Let's say I have the following tibble made by the tibble
and haven
packages:
library(tibble)
library(haven)
# Create numerical values
values <- c(1:5)
# Combine values and colors into a named vector
color_choices <- setNames(values, c("Don't know", "Red", "Blue", "Green", "Yellow"))
name_choices <- setNames(values, c("Don't know", "John", "Paul", "Ringo", "George"))
# Create a tibble with the labelled column
data <- tibble(respondent_ID = seq(1:10),
colour_choice = labelled(sample(1:5, 10, replace = TRUE), labels = color_choices),
name_choice = labelled(sample(1:5, 10, replace = TRUE), labels = name_choices))
data
Now I want to change the haven labels of some of the variables.
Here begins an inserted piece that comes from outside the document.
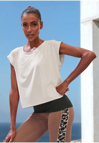 Basic T-shirt - beige schwarz
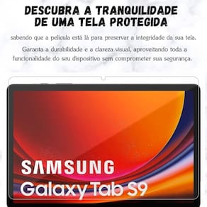 Película vidro temperado para samsung galaxy tab s9 11 2023 cor: transparente a película é um item muito importante a se usar no seu dispositivo, pois a película é responsável por proteger o seu aparelho de possíveis danos como riscos, quedas, além de ser altamente resistente. A película é elaborada de vidro temperado, tem a sua transparência totalmente cristalina, não perde sensibilidade ao toque, fixação por estática, sendo super fácil de aplicar e remove-la, sem afetar a tela do dispositivo. É extremamente segura. Caso a película seja quebrada, as partículas formadas não são afiadas e ficam aderidas à camada adesiva de silicone, tornando-o muito mais seguro que as outras películas. --------------- atenção --------------- compatível com galaxy tab s9 11 polegadas 2023 . Modo de uso: 1- a instalação é super fácil, basta alinhar a película com a tela do tablet, que deverá ser previamente limpa, enviaremos um kit de limpeza, e dar uma pequena pressão no centro da película para que a adesão seja completa e sem bolhas. Caso tenha dificuldade você pode nos enviar mensagem no chat da compra que iremos enviar um video auxiliando na aplicação. ---------------------------------------- ---------------------------------------- é compatível com o samsung tab s9 11 polegadas 2023 r: sim. A película é específica para esse modelo e servirá perfeitamente. É compatível com o samsung tab s9 ultra / tab s9 plus 2023 r: não. A película não é compatível com esse modelo. Posso usar a capa com película a capa não levanta a película r: sim, é possível usar a capa com a película. A capa possui recortes precisos ao qual não levanta a película. -------------------- especificações: -------------------- material: vidro temperado. Peso: 15g. Compatível com samsung tab s9 11 2023 / s8 11 x706 x700 2022 / tab s7 11 t870 t875 2020 . Contéudo: 1x película vidro temperado. 1x limpa telas. Atenção: aanúncio referente somente a película tablet não incluso

Specifically I only want to change the the label for value = 1
from "Don't know"
to "Not sure"
, but I want to do this across multiple variables.
This achieves the result I want for the colour_choice
variable:
data_replaced <- data
color_choices2 <- color_choices
names(color_choices2)[1] <- "Not sure"
val_labels(data_replaced$colour_choice) <- color_choices2
However, this is tedious for two reasons; first, even for one variable it is inefficient as it involves making a new named vector for all of the labels in the variable when there is only one that needs replacing. [val_labels(data_replaced$colour_choice) <- c("Not sure" = 1)
results in the other labels being removed]. And, second, it is absolutely not scalable.
I have been experimenting with a dplyr approach (which would be preferable anyway) using the memisc::relabel
function but keep hitting walls and was wondering if anyone can make a suggestion? Here is where I am at:
data_replaced <- data %>%
mutate_at(vars(colour_choice, name_choice), ~ memisc::relabel(., "Don't know" = "Not sure"))
You can make a helper function using labelled:val_label<-
, then call it in mutate(across())
:
library(dplyr)
library(labelled)
set.seed(13) # for OP's sample data
change_value_label <- function(x, value, new_label) {
val_label(x, value) <- new_label
x
}
data %>%
mutate(across(
colour_choice:name_choice,
\(x) change_value_label(x, 1, "Not sure")
))
# # A tibble: 10 × 3
# respondent_ID colour_choice name_choice
# <int> <int+lbl> <int+lbl>
# 1 1 3 [Blue] 5 [George]
# 2 2 5 [Yellow] 4 [Ringo]
# 3 3 2 [Red] 1 [Not sure]
# 4 4 5 [Yellow] 5 [George]
# 5 5 4 [Green] 1 [Not sure]
# 6 6 5 [Yellow] 4 [Ringo]
# 7 7 4 [Green] 1 [Not sure]
# 8 8 3 [Blue] 3 [Paul]
# 9 9 1 [Not sure] 4 [Ringo]
# 10 10 2 [Red] 5 [George]
You could tweak the function to take the label to be changed rather than the value (e.g, swap_value_label(x, "Don't know", "Not sure")
). This has the added benefit of working even if the label to be changed doesn't have a consistent value across different variables.
swap_value_label <- function(x, old_label, new_label) {
value <- val_labels(x)[[old_label]]
val_label(x, value) <- new_label
x
}